Thanks John,
I have 2 shards, 1 replica in each.
The issue is the external processing job(s) I have to convert external
data into JSON, and then upload it via cURL.
Will one Solr server only accept one update at a time and have any
others queued? (And possibly timeout).
I like the idea of having my leaders only deal with indexing, and the
replicas only deal with searching - how can I actually configure this?
And is it actually required with my shard setup?
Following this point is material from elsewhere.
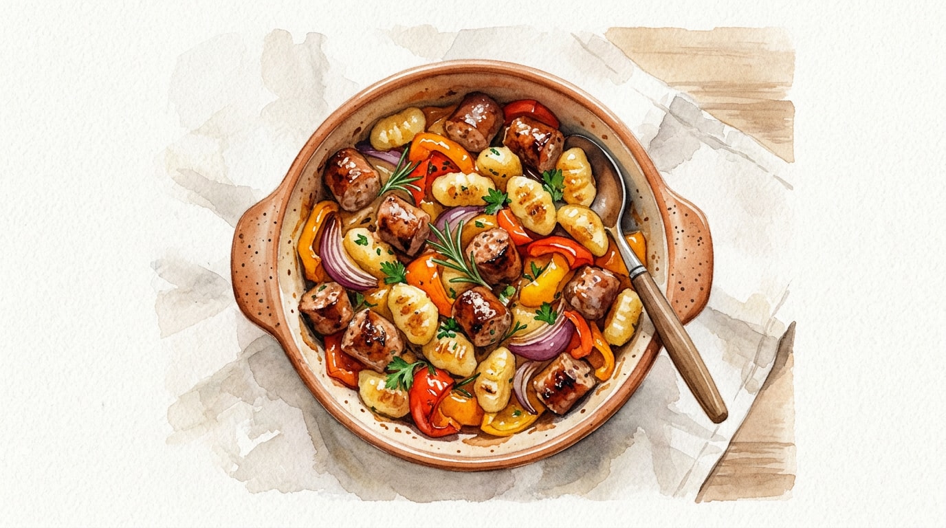 Roast in the preheated oven for 20 to 25 minutes, tossing halfway through, until the sausages are cooked through (reaching an internal temperature of 74°C/165°F), the vegetables are tender, and the gnocchi is lightly crisped on the outside.
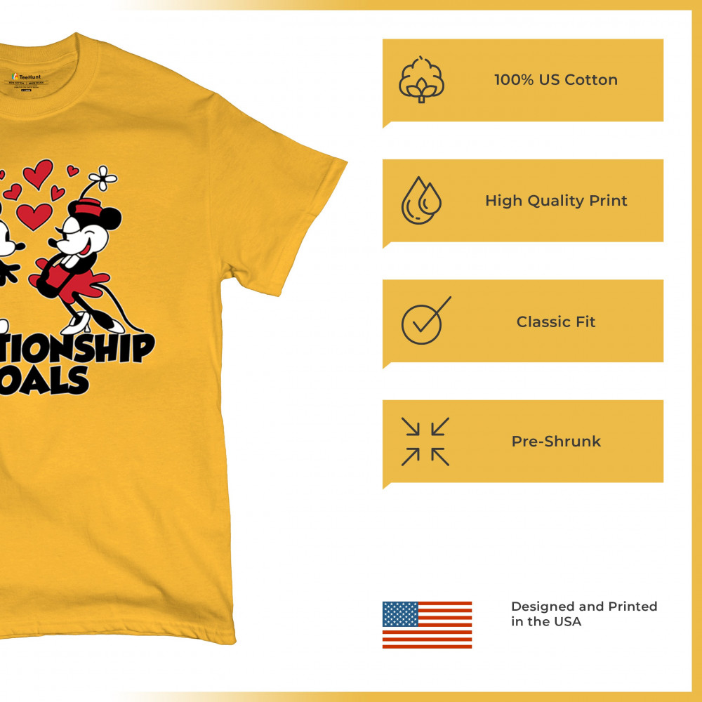 Achieve relationship goals with our 'Steamboat Willie Relationship Goals' design, celebrating the timeless tradition of this iconic cartoon. Perfect for beach days and family vacations, let Steamboat Willie inspire nostalgia and fun. Embrace the magic of

I'm doing hard commits every minute but not opening a new searcher (so I
know the data is safe), with soft commits happening every 10 minutes to
make the data visible.
Cheers,
Rob
On 04/04/16 22:40, John Bickerstaff wrote:
Will the processes be Solr processes? Or do you mean multiple threads
hitting the same Solr server(s)?
There will be a natural bottleneck at one Solr server if you are hitting it
with a lot of threads - since that one server will have to do all the
indexing.
I don't know if this idea is helpful, but if your underlying challenge is
protecting the user experience and preventing slowdown during the indexing,
you can have a separate Solr server that just accepts incoming documents
(and bearing the cost of the indexing) while serving documents from other
Solr servers...
There will be a slight cost for those "serving servers" to get updates from
the "indexing server" but that will be much less than the cost of indexing
directly.
If processing power was really important you could have two or more
"indexing" servers and fire multiple threads at each one...
You probably already know this, but the key is how often you "commit" and
force the indexing to occur...
On Mon, Apr 4, 2016 at 3:33 PM, Robert Brown <r...@intelcompute.com> wrote:
Hi,
Does Solr have any sort of limit when attempting multiple updates, from
separate clients?
Are there any safe thresholds one should try to stay within?
I have an index of around 60m documents that gets updated at key points
during the day from ~200 downloaded files - I'd like to fork off multiple
processes to deal with the incoming data to get it into Solr quicker.
Thanks,
Rob